### Dataset
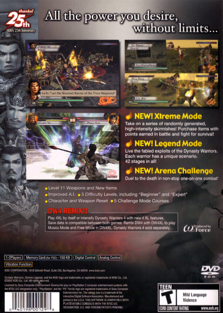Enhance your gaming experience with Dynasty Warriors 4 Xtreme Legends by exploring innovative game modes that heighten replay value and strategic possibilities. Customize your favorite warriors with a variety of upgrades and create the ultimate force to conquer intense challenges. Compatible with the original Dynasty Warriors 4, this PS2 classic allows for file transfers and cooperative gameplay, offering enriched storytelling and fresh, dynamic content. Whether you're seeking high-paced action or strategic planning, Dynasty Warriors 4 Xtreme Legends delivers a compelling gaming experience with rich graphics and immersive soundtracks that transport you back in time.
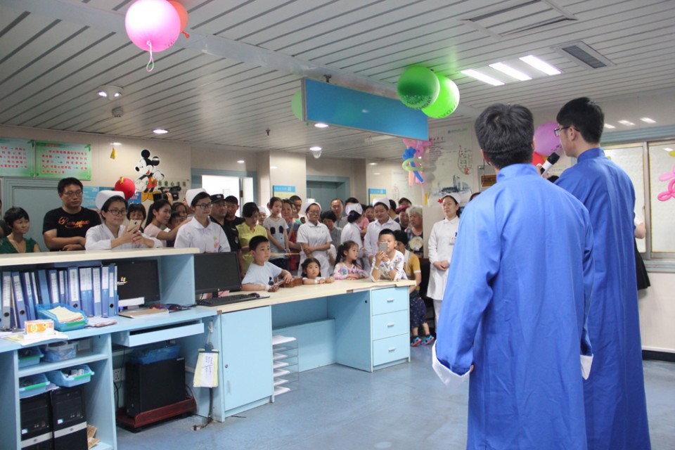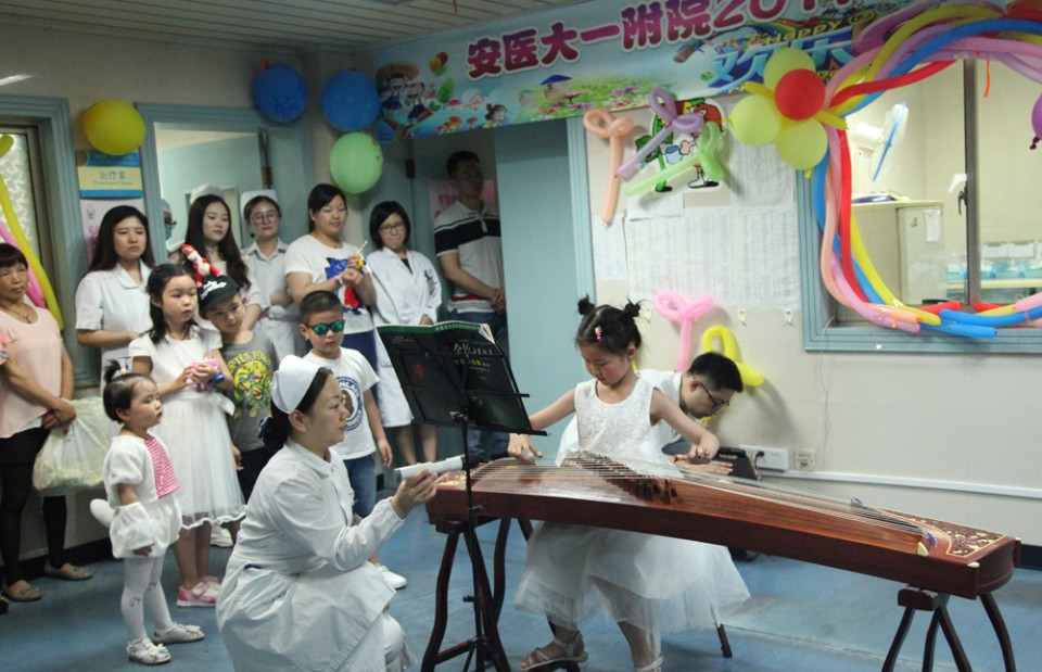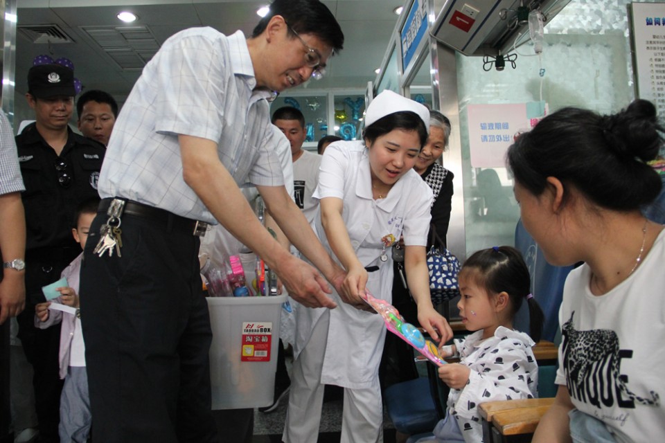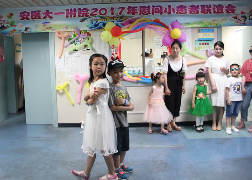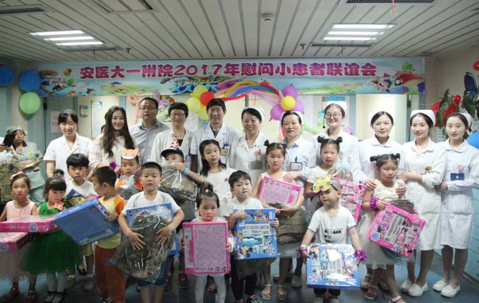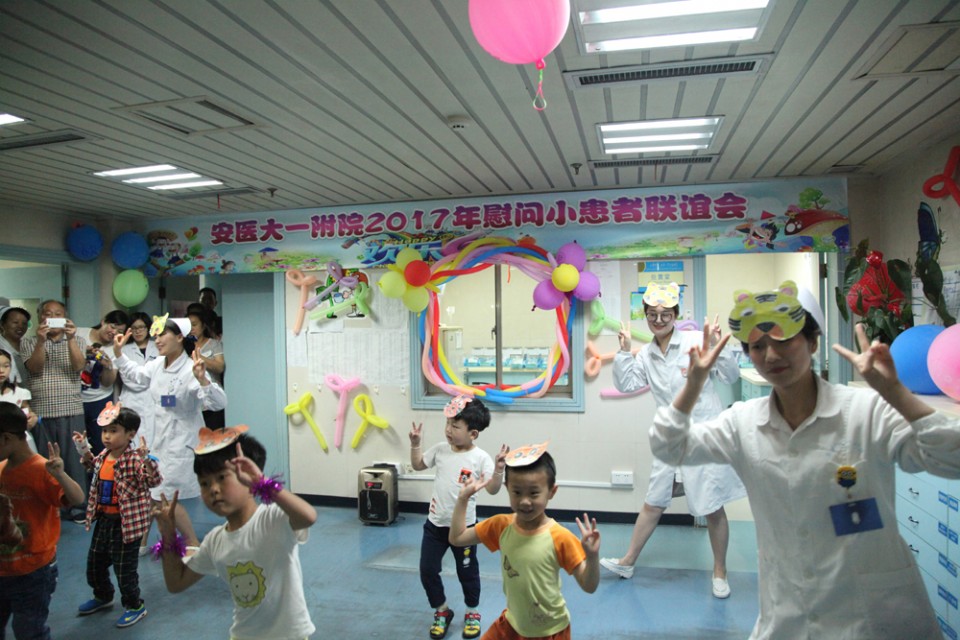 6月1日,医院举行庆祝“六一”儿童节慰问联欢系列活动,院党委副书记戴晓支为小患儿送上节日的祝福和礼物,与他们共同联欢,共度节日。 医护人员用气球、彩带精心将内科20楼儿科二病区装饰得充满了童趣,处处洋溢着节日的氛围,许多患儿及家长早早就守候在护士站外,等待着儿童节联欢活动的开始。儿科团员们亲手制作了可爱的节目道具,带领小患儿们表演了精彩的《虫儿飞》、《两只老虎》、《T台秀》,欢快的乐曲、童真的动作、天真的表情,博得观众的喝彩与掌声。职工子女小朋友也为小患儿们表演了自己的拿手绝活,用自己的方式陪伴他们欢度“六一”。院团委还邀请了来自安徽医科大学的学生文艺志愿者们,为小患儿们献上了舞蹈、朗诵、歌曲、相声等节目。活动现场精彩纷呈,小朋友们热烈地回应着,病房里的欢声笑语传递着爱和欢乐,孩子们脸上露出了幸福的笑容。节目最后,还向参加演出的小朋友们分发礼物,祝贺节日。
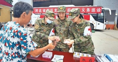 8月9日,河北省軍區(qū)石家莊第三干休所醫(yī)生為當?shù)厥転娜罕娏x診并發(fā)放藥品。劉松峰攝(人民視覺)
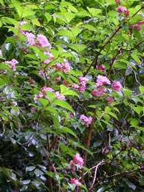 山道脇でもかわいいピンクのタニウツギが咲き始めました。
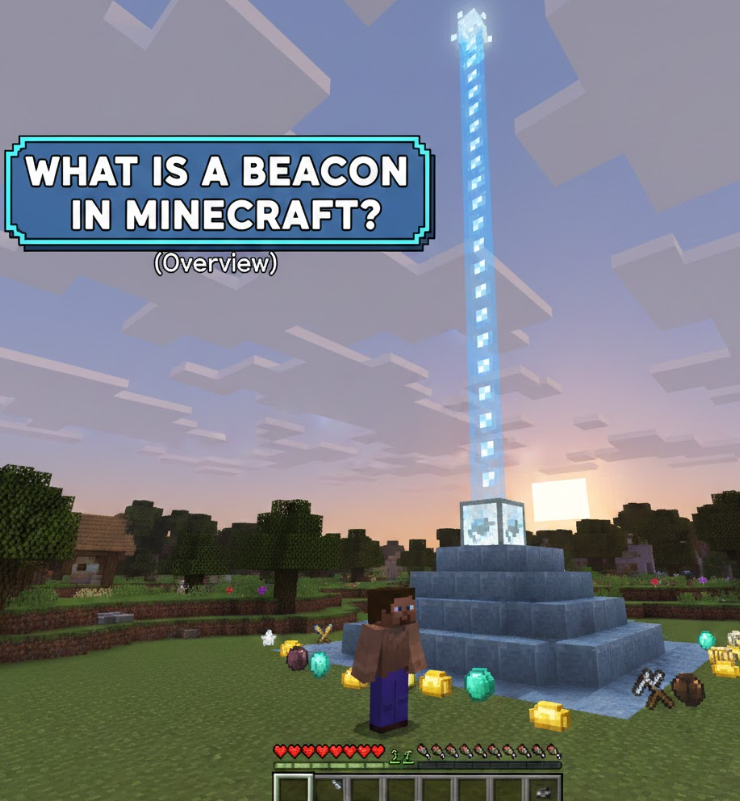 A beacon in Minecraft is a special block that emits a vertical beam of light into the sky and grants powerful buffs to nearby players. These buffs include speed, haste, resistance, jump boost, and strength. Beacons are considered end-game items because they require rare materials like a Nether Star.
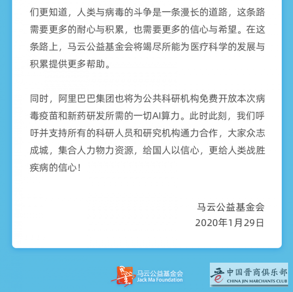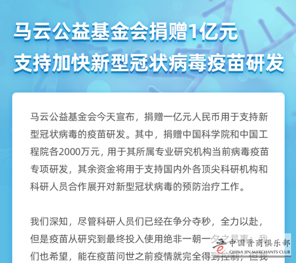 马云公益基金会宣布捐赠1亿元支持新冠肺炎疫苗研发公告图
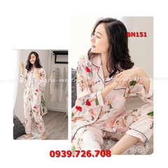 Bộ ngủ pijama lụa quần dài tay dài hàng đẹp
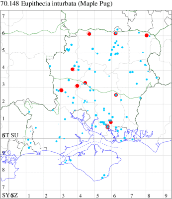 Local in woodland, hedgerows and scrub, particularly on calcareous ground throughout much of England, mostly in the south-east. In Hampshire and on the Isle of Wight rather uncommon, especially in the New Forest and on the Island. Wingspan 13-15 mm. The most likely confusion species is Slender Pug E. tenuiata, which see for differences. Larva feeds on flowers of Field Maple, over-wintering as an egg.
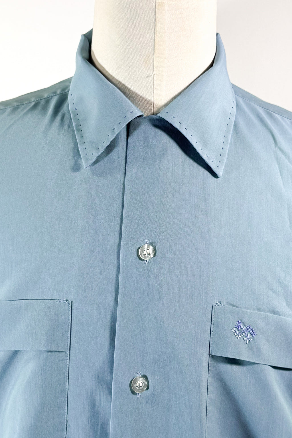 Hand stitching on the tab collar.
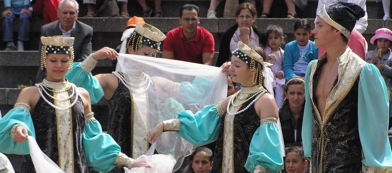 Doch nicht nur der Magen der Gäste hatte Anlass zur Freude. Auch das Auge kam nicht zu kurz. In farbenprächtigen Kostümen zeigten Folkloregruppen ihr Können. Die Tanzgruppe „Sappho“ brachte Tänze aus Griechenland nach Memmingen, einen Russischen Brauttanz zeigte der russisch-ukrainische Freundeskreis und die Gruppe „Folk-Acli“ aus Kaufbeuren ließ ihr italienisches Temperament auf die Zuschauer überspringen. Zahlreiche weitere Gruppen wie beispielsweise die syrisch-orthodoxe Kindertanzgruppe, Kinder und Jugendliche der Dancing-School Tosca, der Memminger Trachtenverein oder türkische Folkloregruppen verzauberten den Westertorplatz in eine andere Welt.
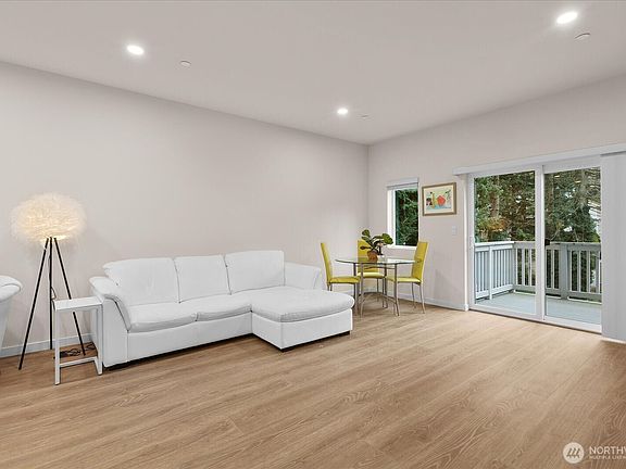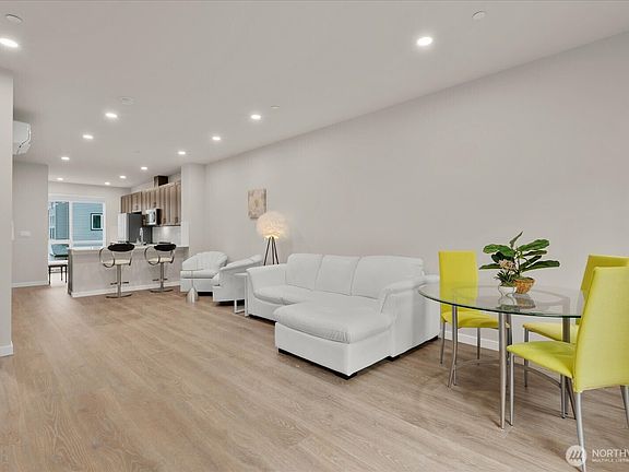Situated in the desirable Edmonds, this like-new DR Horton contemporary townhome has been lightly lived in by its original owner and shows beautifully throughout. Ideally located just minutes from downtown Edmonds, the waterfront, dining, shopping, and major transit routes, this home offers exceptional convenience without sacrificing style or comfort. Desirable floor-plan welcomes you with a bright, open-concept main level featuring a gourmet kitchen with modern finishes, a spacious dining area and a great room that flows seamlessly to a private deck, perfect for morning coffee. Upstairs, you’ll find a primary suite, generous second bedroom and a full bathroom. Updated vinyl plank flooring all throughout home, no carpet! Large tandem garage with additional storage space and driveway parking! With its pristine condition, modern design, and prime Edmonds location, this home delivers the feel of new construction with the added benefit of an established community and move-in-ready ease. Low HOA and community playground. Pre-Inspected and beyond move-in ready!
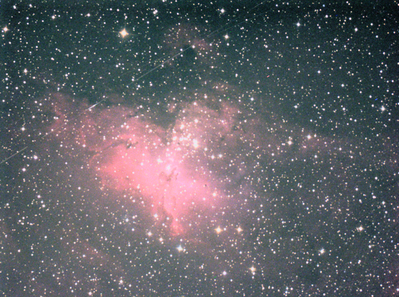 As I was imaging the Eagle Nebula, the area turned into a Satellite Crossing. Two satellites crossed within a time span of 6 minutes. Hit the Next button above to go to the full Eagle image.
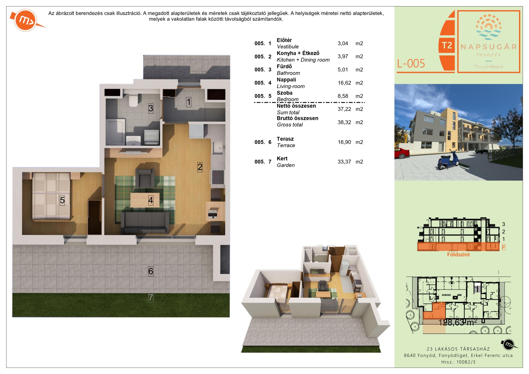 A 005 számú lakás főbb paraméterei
######
• **Prompt**: From the data above, retype only the lines starting with the line with "Hand stitching on the tab collar." and going on through the line with "Doch nicht nur", exactly, leaving out the pictures.

• **Finished exercise**:
 Hand stitching on the tab collar.
 Doch nicht nur der Magen der Gäste hatte Anlass zur Freude. Auch das Auge kam nicht zu kurz. In farbenprächtigen Kostümen zeigten Folkloregruppen ihr Können. Die Tanzgruppe „Sappho“ brachte Tänze aus Griechenland nach Memmingen, einen Russischen Brauttanz zeigte der russisch-ukrainische Freundeskreis und die Gruppe „Folk-Acli“ aus Kaufbeuren ließ ihr italienisches Temperament auf die Zuschauer überspringen. Zahlreiche weitere Gruppen wie beispielsweise die syrisch-orthodoxe Kindertanzgruppe, Kinder und Jugendliche der Dancing-School Tosca, der Memminger Trachtenverein oder türkische Folkloregruppen verzauberten den Westertorplatz in eine andere Welt.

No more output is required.